In machine learning and data mining, data are often represented in numerical form, as a matrix or a tensor. In many cases, the data are onnegative. For example, in text mining, a collection of documents is converted to a term-document matrix whose (i,j) entry is the frequency of term i in document j. In face recognition, a face image in grayscale is represented as a nonnegative matrix, and a set of face images forms a 3-dimensional data tensor.

Low-rank approximation by principal component analysis (for a matrix) or tensor decomposition (for a tensor) is frequently used to filter out noise or capture important features. However, certain properties may be lost due to the introduction of negative values. It has been proven by numerical evidence that adding the nonnegative constraints helps detect the essential features of the data. The resulting technique is called nonnegative matrix factorization (NMF) for matrices or nonnegative tensor factorization (NTF) for tensors.

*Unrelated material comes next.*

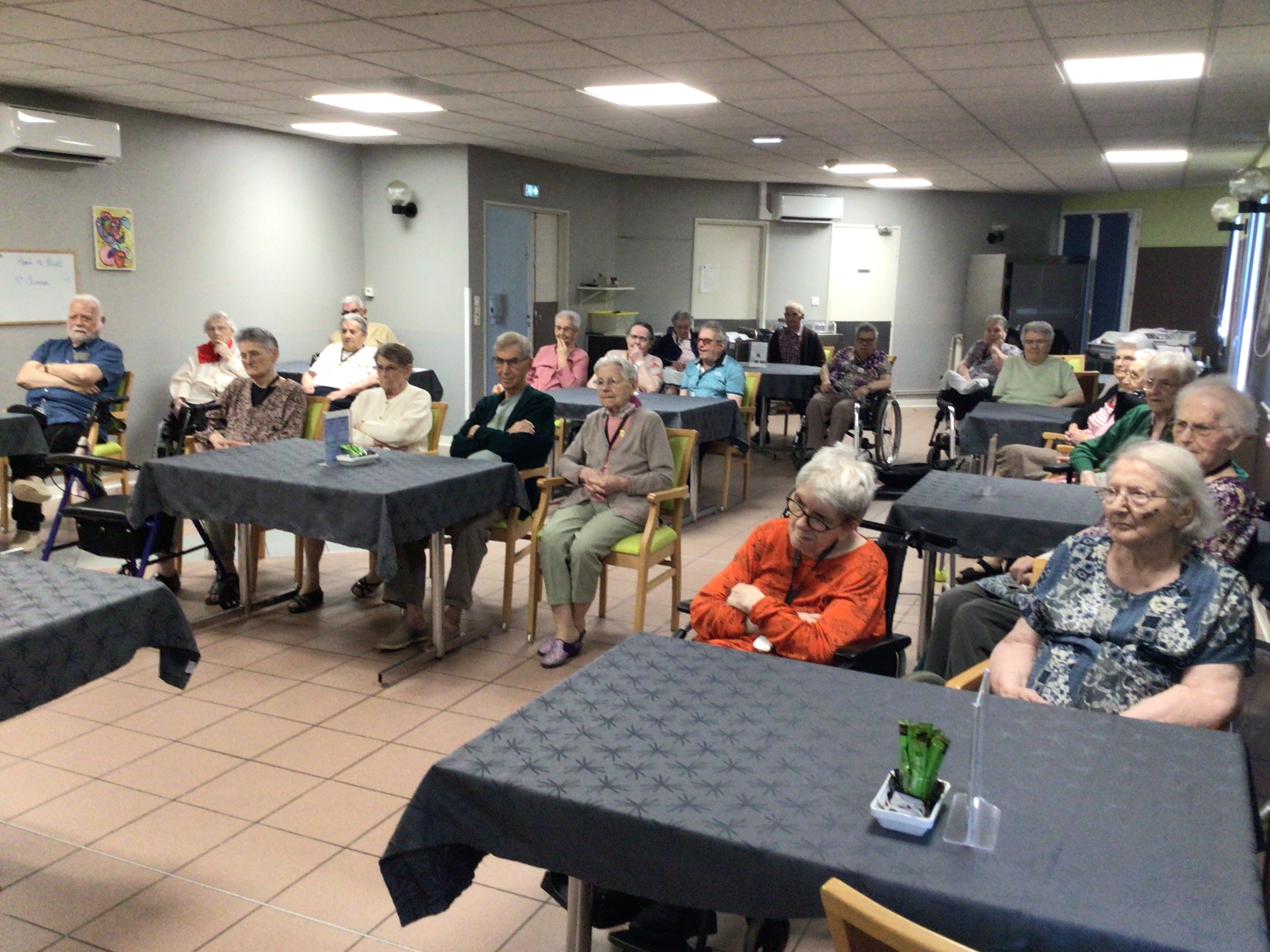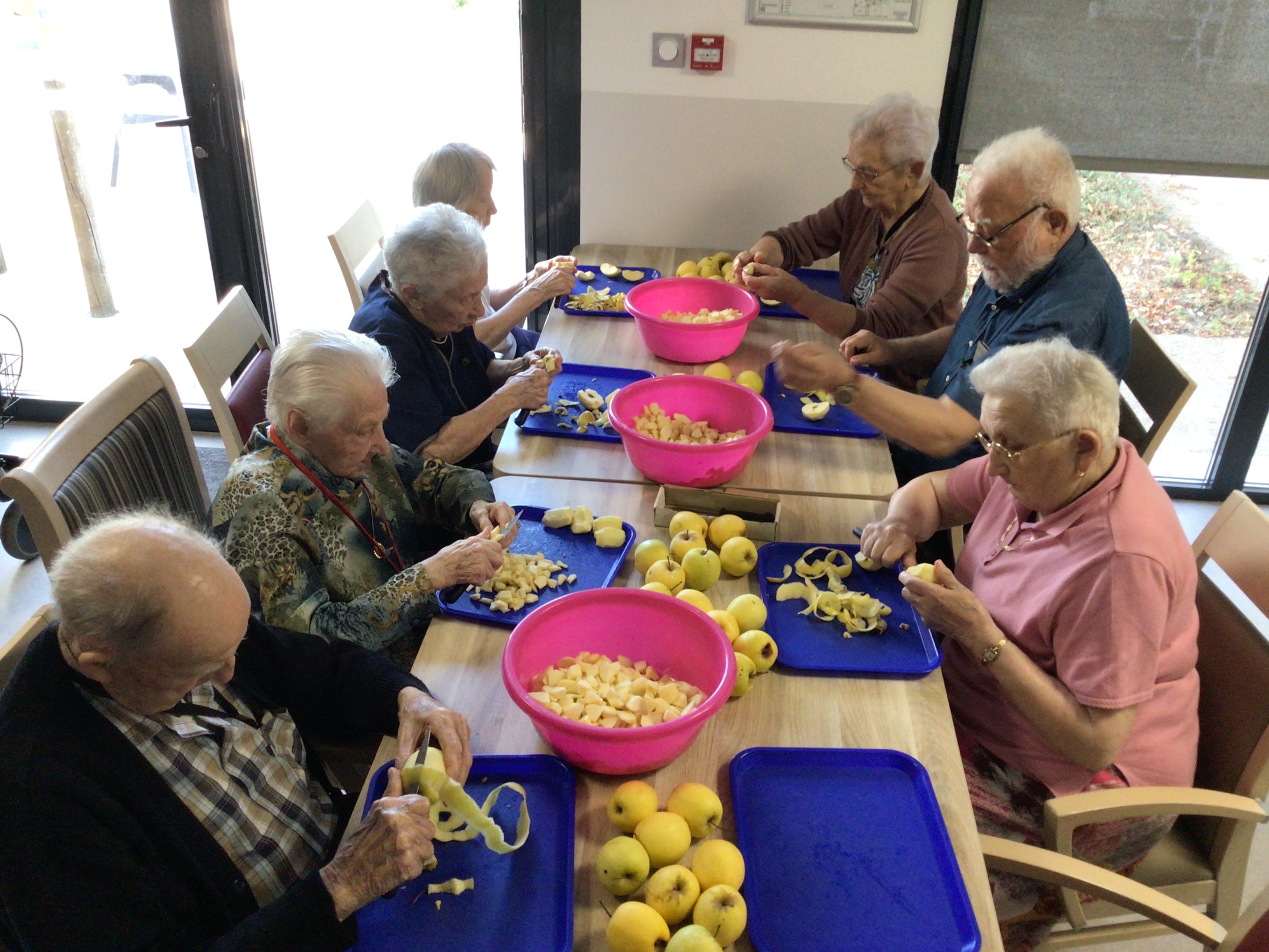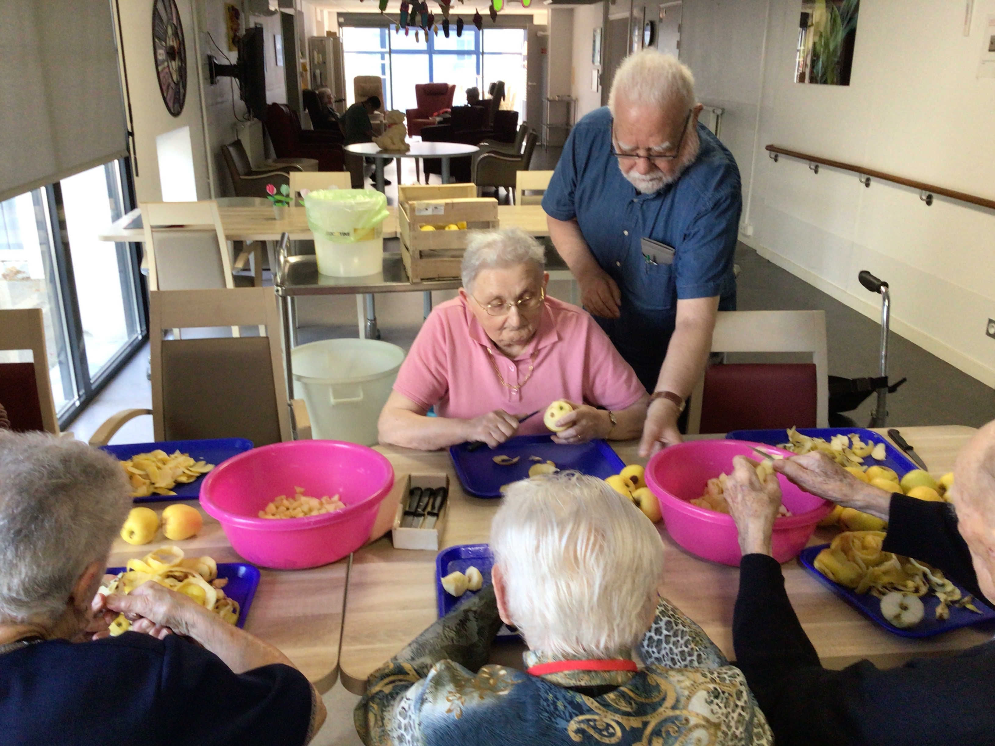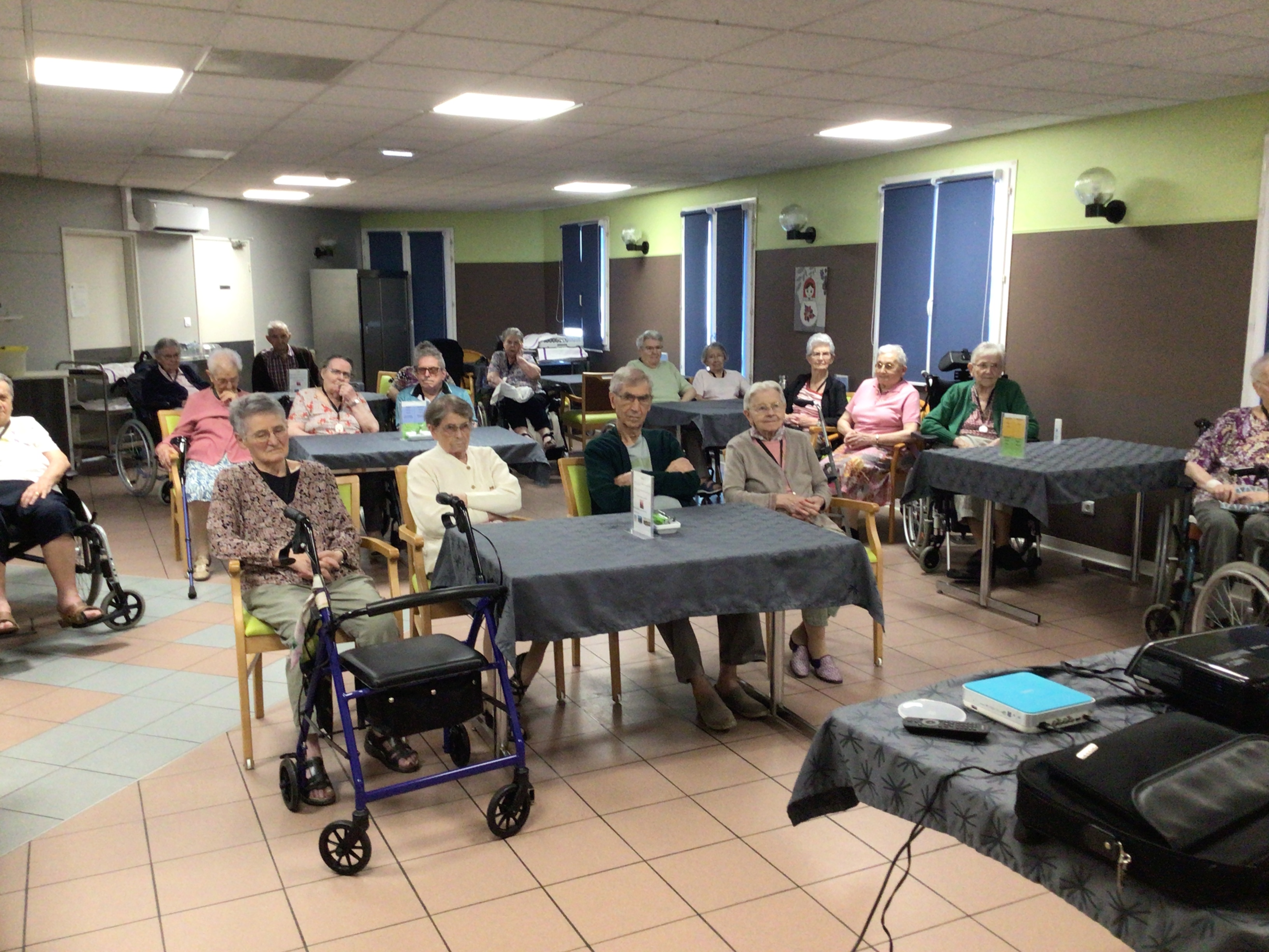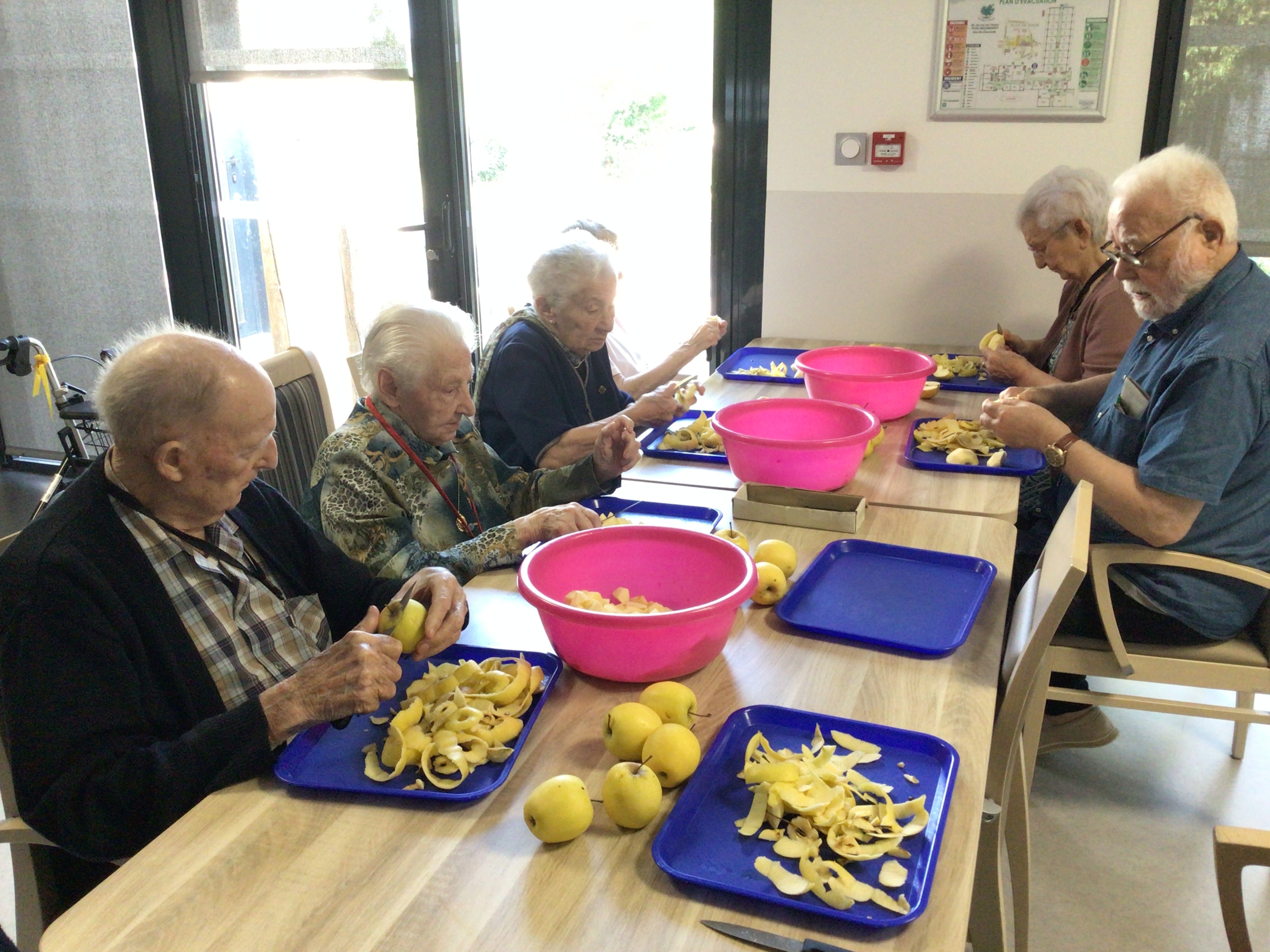 Après l'épluchage des pommes qui permettra de déguster par la suite un bon dessert préparé par les cuisines de l'EHPAD et le pliage du linge par des résidentes volontaires et motivées, la journée s'est poursuivie avec une séance cinéma , et la diffusion du film "le fils de l'épicier".

The NMF and NTF computation can be formulated as a simple-bound nonconvex optimization problem, to minimize the matrix distance or divergence subject to the nonnegativity constraints. Various alternating algorithms have been proposed to solve it. We show that virtually all alternating algorithms for NMF can be adapted to compute NTF, and draw the relations between the algorithms in the literature. The initialization schemes and sparseness constraints for NMF and NTF will also be discussed.